Questa e le altre foto del post sono opera mia


Oggi si è aperto ufficialmente l’ultimo tratto di preparazione alla beatificazione di Carlo Acutis, con l’esposizione dei suoi resti mortali alla venerazione dei fedeli e l’inizio di incontri e convegni, secondo quanto indica il programma sul sito del Santuario della Spogliazione di Assisi.

Anch’io ho iniziato a prepararmi al pellegrinaggio diocesano, a cui mi sono iscritta appena possibile. A dire il vero, una tappa importante è stata la stesura di un articolo per Sacro Cuore VIVERE, la rivista dell’omonimo santuario dei Salesiani di Bologna: il direttore mi aveva suggerito di occuparmi di lui da tempo, ma io ho continuamente rinviato, perché temevo che non sarei stata in grado di aggiungere qualcosa di nuovo rispetto agli altri articoli usciti sul suo conto in tutti questi anni.

Alla fine, ho accettato di dedicargli la mia rubrica per il numero di dicembre, non di ottobre, perché era stata data priorità a un pezzo su don Olinto Marella, la cui beatificazione è prevista questa domenica 4 ottobre. Per ragioni di risparmio, l’uscita di dicembre è sostituita da un calendario 2021; di conseguenza, anche il contributo su Carlo passa all’anno prossimo.

A parte questo, avevo in animo da tempo di cercare le sue tracce nei luoghi della mia, anzi, della nostra città dove passava più spesso. Dopotutto, se è vero che Assisi, come lui stesso ammetteva, era il luogo dove si sentiva più felice, mentre Centola, il paese dei nonni materni, era un altro posto che amava molto, è Milano la città dove si è compiuta la maggior parte della sua «vita da figlio, vita da alunno, vita da sportivo, vita da amico, vita da compagno», come lasciò in un appunto manoscritto sulla sua agenda scolastica.

 

Un libro da restituire

 

Per il mio articolo e per abbozzare il mio itinerario, ho riletto L’Eucaristia: la mia autostrada per il Cielo di Nicola Gori, che già avevo. Quando si è conclusa l’inchiesta diocesana, invece, non avevo comprato Un genio dell’informatica in Cielo, dello stesso autore.

Dato che immaginavo che i contenuti fossero grosso modo gli stessi, ho pensato di chiederlo in prestito a don Matteo Baraldi, attuale vicario parrocchiale per la pastorale giovanile a Gesù Buon Pastore, San Francesco d’Assisi al Fopponino e Santa Maria Segreta; quest’ultima, per quelli che ancora non lo sapessero, era la parrocchia a cui Carlo apparteneva territorialmente e che frequentava più spesso.
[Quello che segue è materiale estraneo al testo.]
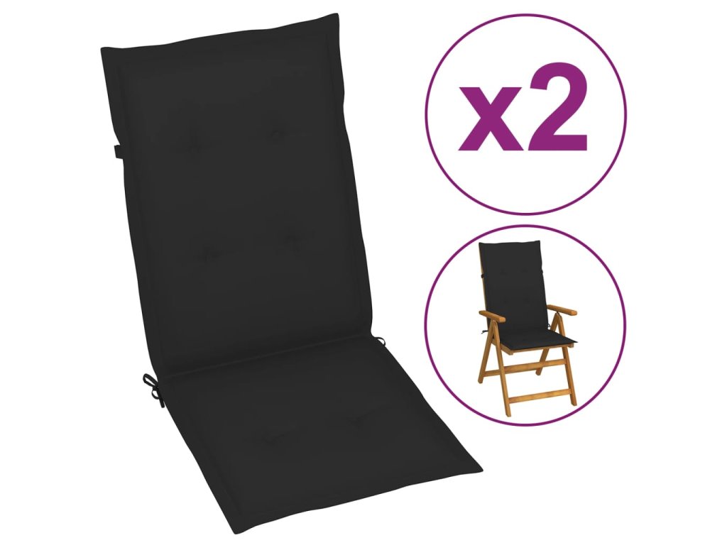 vidaXL Podušky na zahradní židle 2 ks černé 120 x 50 x 3 cm
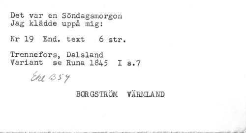 //// Det var en Söndagsmorgon //// Jag klädde uppå mig: //// Nr 19 End. text 6 str. //// Trennefors, Dalsland //// Variant se Runa 1345 I s.7 //// BOR GS TR ÖM VÄRMLA ND //// ____ ., ..... , .. . . ___,—___. .. ___ __ ... _ - . - ^ . ... - ___ . .. <.. .. .. __ —___ ... , — ////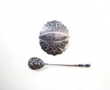 3483. Boucle de ceinture niellée "Caucase" et cuillère à motif de grap...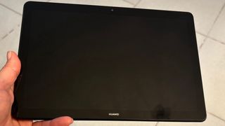 Tablet Huawei in colore nero. - Schermo da 10 pollici. - Design elegante e leggero. Schermo con una striatura.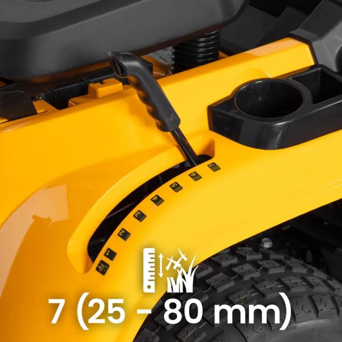 Pas de maaihoogte eenvoudig aan in een van de 7 standen tussen 25 en 80 mm met een praktische hendel.

Ho tenuto il libro ben oltre la scadenza fissata dal direttore, perché mi è servito per un altro articoletto. Prima del 10 di questo mese, però, credevo fosse giusto restituirlo al proprietario. Così, dopo uno scambio di e-mail, ho pensato di lasciarlo presso l’ufficio parrocchiale di Santa Maria Segreta.

Dal 2008, anno in cui ho iniziato a conoscere meglio la storia di Carlo, ogni anno andavo là per la Messa in suo suffragio, il 12 ottobre o a ridosso di quella data (se cadeva di domenica). Da quando non si è più celebrata lì ma ad Assisi, non ci sono andata più, anche perché non è vicinissima a casa mia.
L’ultima volta è avvenuta nel giugno 2016, quando ho partecipato a una vendita di torte per autofinanziare il viaggio verso la GMG di Cracovia, perché i giovani del Decanato Navigli, dove ora vivo, si erano associati a quelli del Decanato Vercellina, in cui appunto ricade Santa Maria Segreta. Credo sia stato allora che, per la prima volta, ho iniziato a ricorrere all’intercessione di Carlo; se non altro, speravo che potesse smuovere il buon cuore dei suoi comparrocchiani.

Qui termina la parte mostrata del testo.